Les mots qui suivirent furent les regrets persistants qui firent de Hodrick un revenant.

[Même ceux qui cherchaient à nuire à ma famille.]

Ce fut un rire moqueur.

[J'avais négligé quelque chose. Dans la guerre, tout le monde est à la fois victime et méchant. Ceux qui avaient nui à ma famille étaient de telles personnes aussi.]

C'est la nature humaine. Le fait que les faibles puissent aussi être méchants, qu'aimer quelqu'un puisse aussi blesser un autre, et que celui vers qui je pointais mon épée était aussi celui que je devais protéger.

L'homme fou, qui n'avait pas vraiment saisi le poids de ses vœux, n'acquit l'illumination qu'après que les choses qu'il devait protéger furent parties.

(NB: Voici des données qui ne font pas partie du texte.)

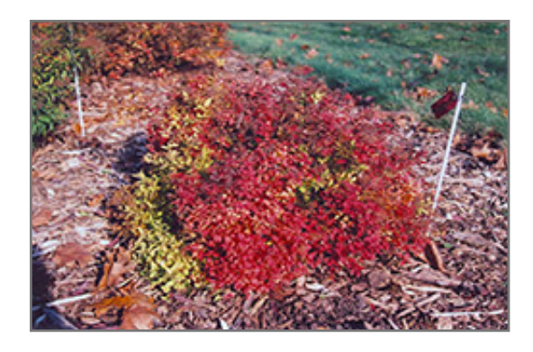
Dakota Goldcharm Spirea in fall

This shrub should only be grown in full sunlight. It prefers to grow in average to moist conditions, and shouldn't be allowed to dry out. It is not particular as to soil type or pH. It is highly tolerant of urban pollution and will even thrive in inner city environments. This is a selected variety of a species not originally from North America.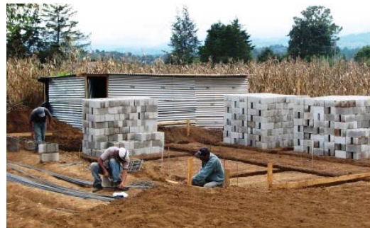
Second phase - start the foundation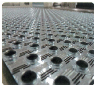
Degreasing and antifouling hydrophilic aluminum foil fins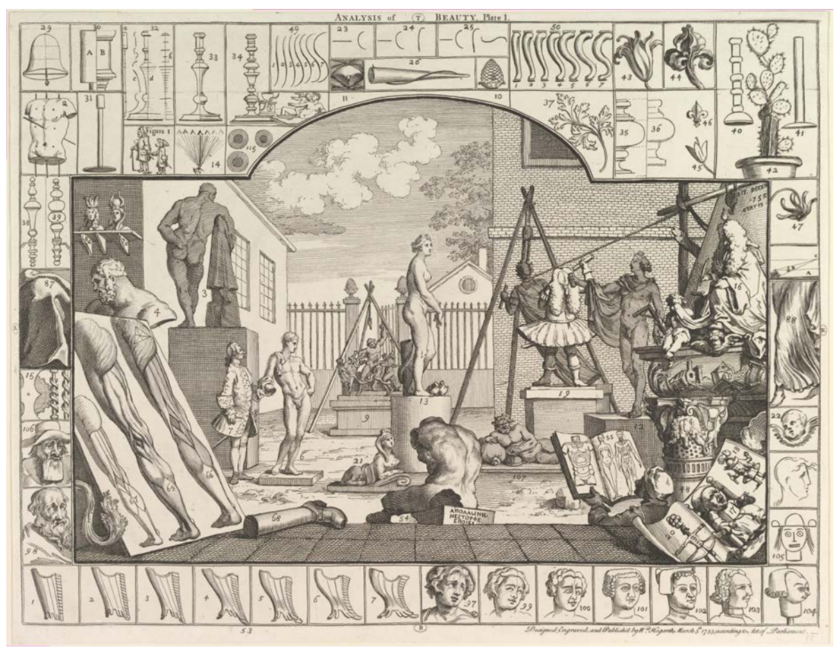
Figure 6: Plate from William Hogarth's "The Analysis of Beauty."

the relationship between faces and humans.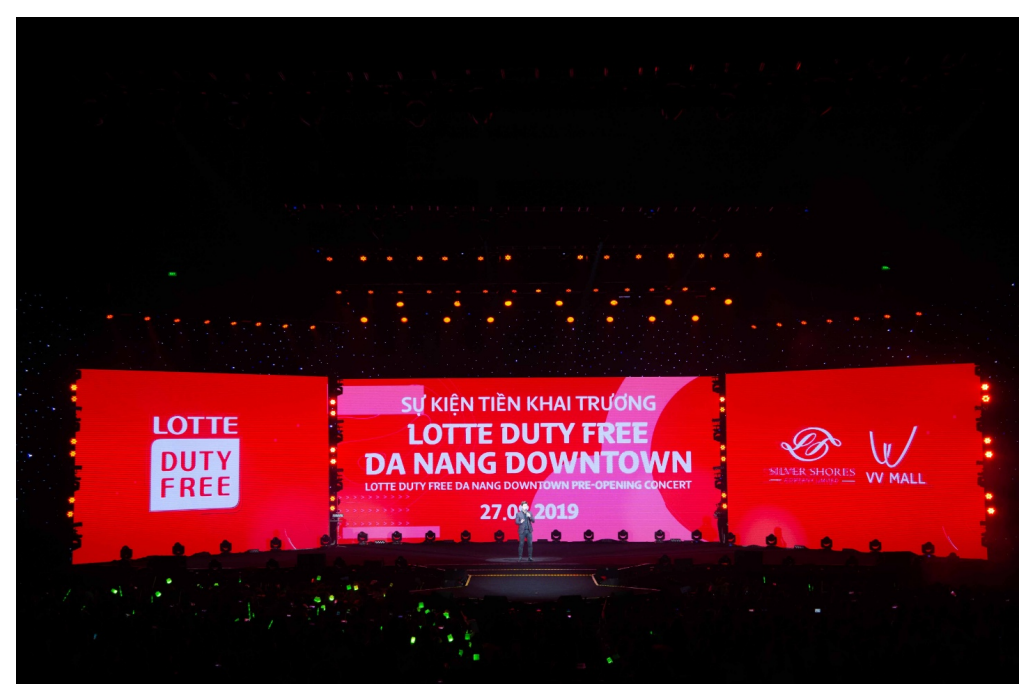
Lotte Duty Free has kickstarted its Da Nang downtown store pre-opening publicity with a concert at the Tien Son Sports Palace in Da Nang

Lotte Phu Khanh Duty Free organized a pre-opening concert for its upcoming Da Nang downtown store at Tien Son Sports Palace in Da Nang on August 27. Lotte Phu Khanh Duty Free is the name of Lotte Duty Free Vietnam Corporation. Lotte's Da Nang store, which is its fourth store in Vietnam, will be opened by this year. The store will also be the first downtown duty-free shop in the central coast of Vietnam.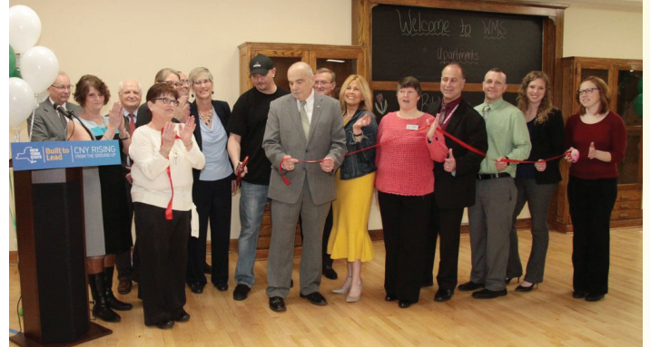
Dignitaries cutting the ribbon at the official opening of WMS Apartments on April 16, 2018

It's hard to believe, but Unity House moved its headquarters into the former West Middle School three years ago. The agency partnered with Two Plus Four Construction in East Syracuse to turn the empty school building into 59 affordable apartments and our organization's headquarters. This project met a huge housing need in Auburn.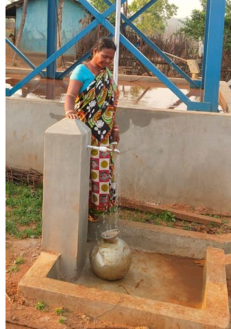
Solar power drinking water project at Gurutuan village

Community people and key stakeholders have requested us for provide drinking water facility in Gurutuan village. The villagers have problem of drinking water especially in summer season. They used water form Baitarni River. It was half kilometer from village.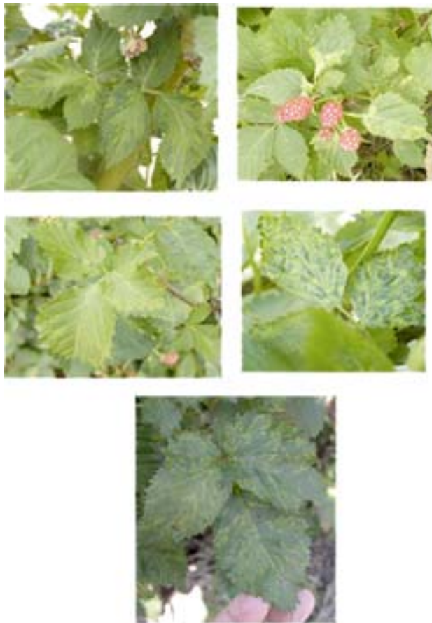
Figure 1. Symptoms normally associated with Blackberry yellow vein disease including vein banding and leaf mottling.

the disease it was not unusual that a blackberry field would be productive for 20 or more years whereas today 5-7 year rotations are the norm.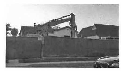
Pending Demolition in Faircrest Heights.jpg 75K

Faircrest Heights Mansionization Example Pointview.pdf 584K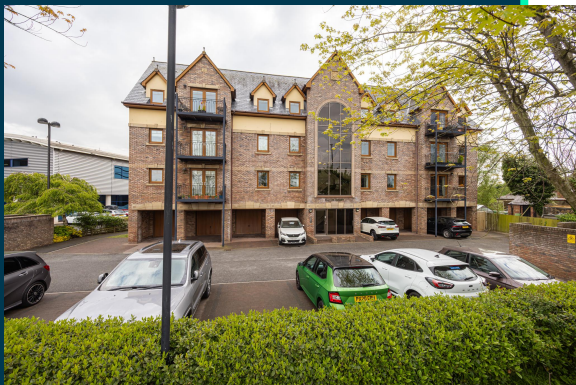
Reiver Court, Carlisle, CA3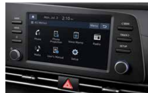
8" Display Audio System (matt, when selecting 4.2" color LCD cluster display)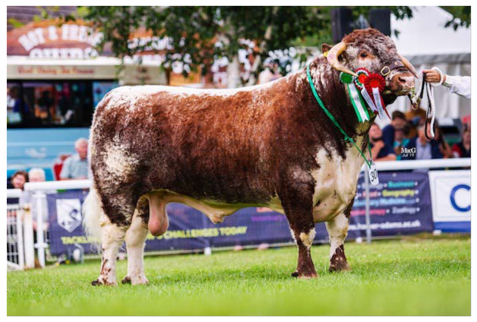
Pointer Diamond King, Breed Champion Royal Three Counties, Reserve Breed Champion Royal Welsh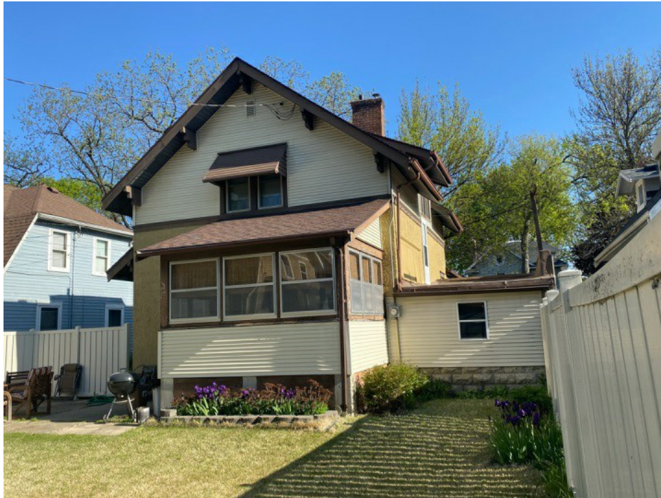
21 Left Rear of Dwelling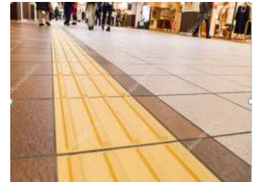
Footpath With Tactile Paving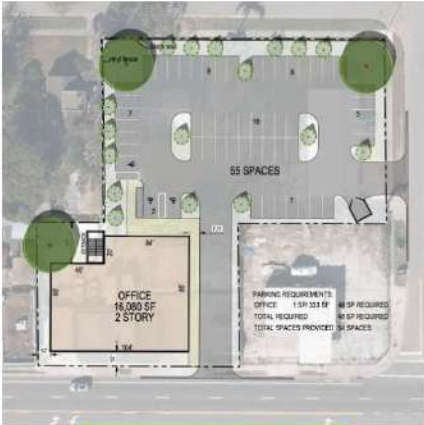
Two-story, 16K SF Office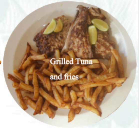
Grilled Tuna and fries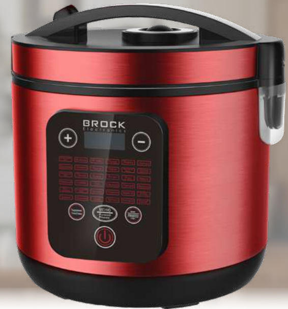
MC 3602 RD

Volume: 5L | Power: 700W | With 36 cooking functions | Stainless steel housing | Inner pot with ceramic housing | Large LED display | Touch sensor control | Flexible timer | Automatic warm up functions and possibility to put 24 hours food's warming | Delayed start function up to 24 hours | Overheat protection | Removable steam valve | Accessories: Spoon, Ladle, Measure cup, PP steamer, Recipe book |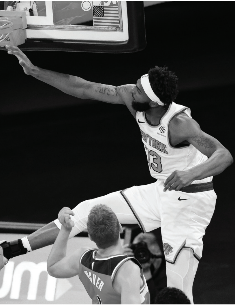
New York Knicks center Mitchell Robinson (23) dunks the ball over Washington Wizards center Moritz Wagner (21) during the first half of an NBA basketball game Tuesday, March 23, 2021, in New York.

It has been a wild trade deadline as they almost always are, and the fun will continue as key names are bought out and available for everyone to sign at low costs. Keep an eye out for Danny Ainge and the Celtics to add more names and try to turn this team around. Next week we'll see how the additions of Fournier and Wagner either help or hurt the team, and we will see if the Celtics can get back over .500 on the season.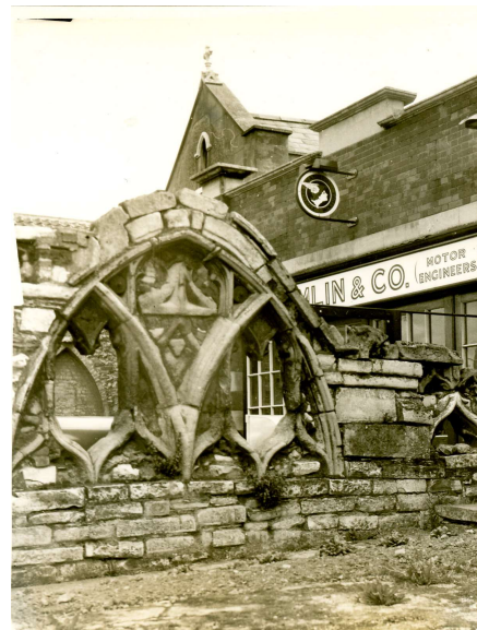
Believed to be from St John's Hospital. It was destroyed in 1960 when they tried to remove it for the Monmouth Street road widening. Parts of it are in the museum..

Blake Museum is owned by Bridgwater Town Council and managed by volunteers from the Friends of Blake Museum. (Registered Charity 1099815) www.bridgwatermuseum.org.uk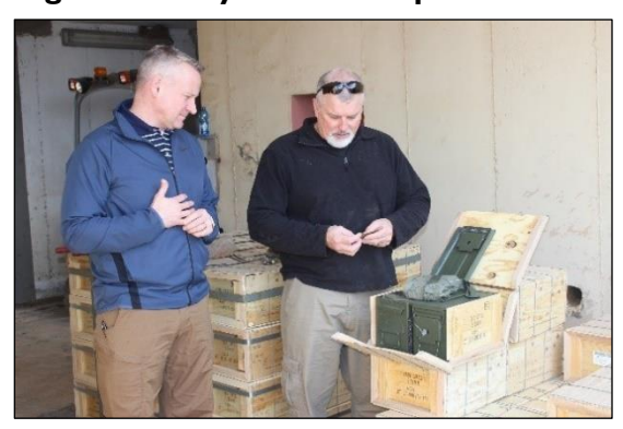
Figure 7. Army Officers Inspect WRSA-I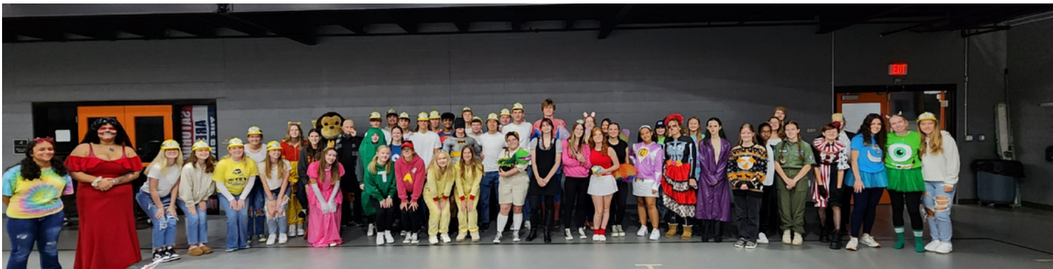
Ashland High School students in our Mentoring & Leadership class, Student Council, and Community Service Club helped with our K-3 District Trick or Treat in October.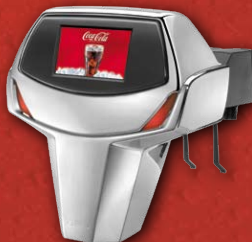
Nueva Style LCD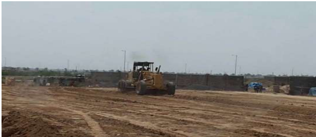
Supreme – Plot-E 273 GIDC Sanand, Land fill: 8000 cmt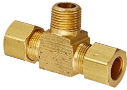
Male Branch Tee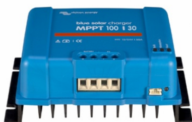
Solar Charge Controller MPPT 100/30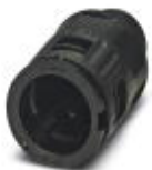
Cable gland, metric thread, IP66 protection, straight

Screw connection - WP-G HF IP66 M20 BK - 3240898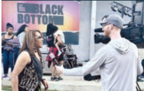
Women Who Drum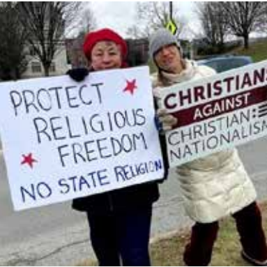
Stand up, speak out, share the Good News!

Christian Nationalism is a political ideology advancing the myth that the United States was established as a Christian nation and should continue as such. This belief system intertwines faith with political identity and is deeply rooted in ideologies that run counter to the life and teachings of Jesus. It is crucial for concerned Christians to provide a strong and clear counter-narrative, emphasizing that genuine Christianity is centered on loving God and neighbor, values that often stand in stark contrast to those promoted by Christian Nationalism.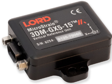
3DM-GX5-15 – miniature, high-performance, industrial-grade inertial measurement unit (IMU) and vertical reference unit (VRU)

The LORD Sensing 3DM-GX5 family of high-performance, industrial-grade inertial sensors provides a wide range of triaxial inertial measurements and computed attitude and navigation solutions.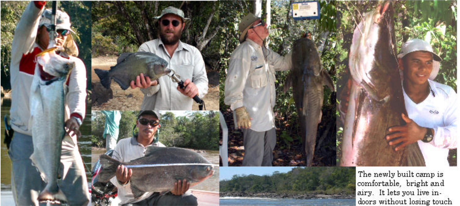
The Urariquera abounds in sportfish—and they get huge!

The newly built camp is comfortable, bright and airy. It lets you live indoors without losing touch with the great outdoors. Our fleet of boats are specially designed to be able to navigate the Urariquera's challenging waters.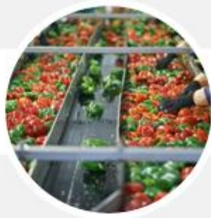
Protein and Dairy Processors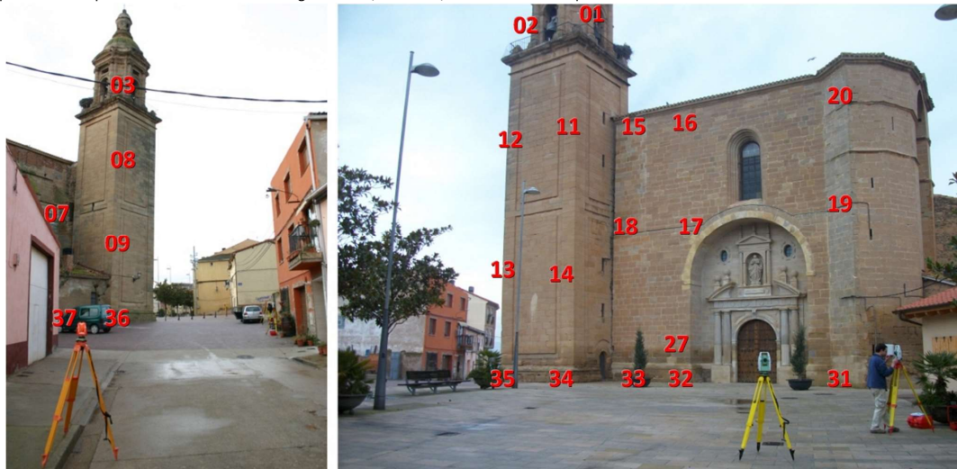
Figure 2. Open spaces around the tower from which the survey observations were carried out. The numbers on the pictures indicate the location and codes of the control points. Total station was arbitrarily set up by resection in eight positions at each epoch, the coordinates of the stationing points were auxiliary and valid only for that specific epoch since the points were not marked on the ground and, therefore, could not be reoccupied.

Individual movements between epochs were determined two-dimensionally (in the XY plane) since this approach greatly simplifies the computation. Nevertheless, the three-dimensional behaviour of the structure can be still inferred from the displacements of the group of targets placed at different heights in the same vertical line (such as locations 1, 11, 14 and 34). For instance, an increase of the leaning will create a coherent set of 2D vectors pointing at the same direction, the magnitude of each rising gradually the higher they are. In addition, should this increase happen, a similar pattern is to be expected in groups (2, 12, 13, 35) and (3, 8, 9, 36).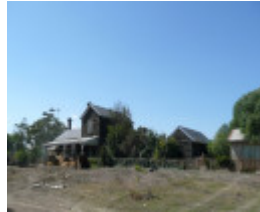
BANNOCKBURN RAILWAY STATION SOHE 2008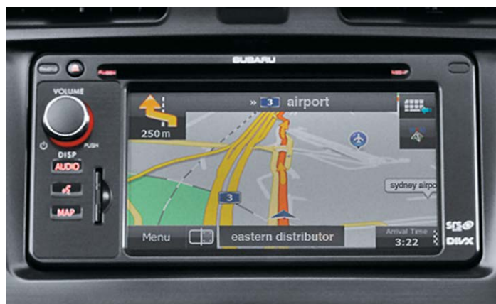
FACTORY FIT MULTI-INFORMATION IN-DASH SATELLITE NAVIGATION SYSTEM 2 : IMPREZA 2.0i-L AND IMPREZA 2.0i-S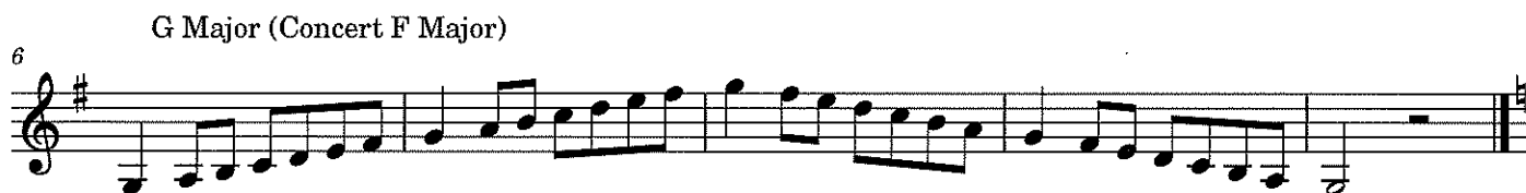
G Major (Concert F Major)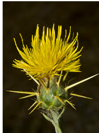
YELLOW STAR-THISTLE ( Centaurea solstitialis ) Naturalized Annual - Sunflower Family - (May-Oct) - Invasive, roadsides, disturbed grassland or woodland - Plant 4-39" tall. Leaves woolly, extend down the stem. Flower bract spines 0.4-1" long. NOXIOUS weed.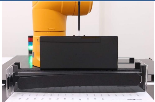
Edge 1 at 2 mm

[Ce n'est qu'alors que je réalisai à quel point il est facile de faire un serment mais à quel point il est difficile de l'accomplir, peut-être plus difficile que n'importe quoi d'autre au monde. C'est pourquoi je fus incapable de protéger quoi que ce soit, regardant impuissant mon monde s'effondrer autour de moi, forcé de faire mon deuil seul au milieu des ruines.]

Après avoir fini sa longue histoire, Hodrick regarda Vera.

[Alors, j'espère que tu ne suivras pas le même chemin que moi. J'espère que tu seras plus prudent que tout le reste quand tu feras un serment. Et j'espère que tu ne verras pas ton pouvoir juste comme un miracle commode à utiliser.]

Ce qui suivit fut un conseil et, en même temps, un avertissement.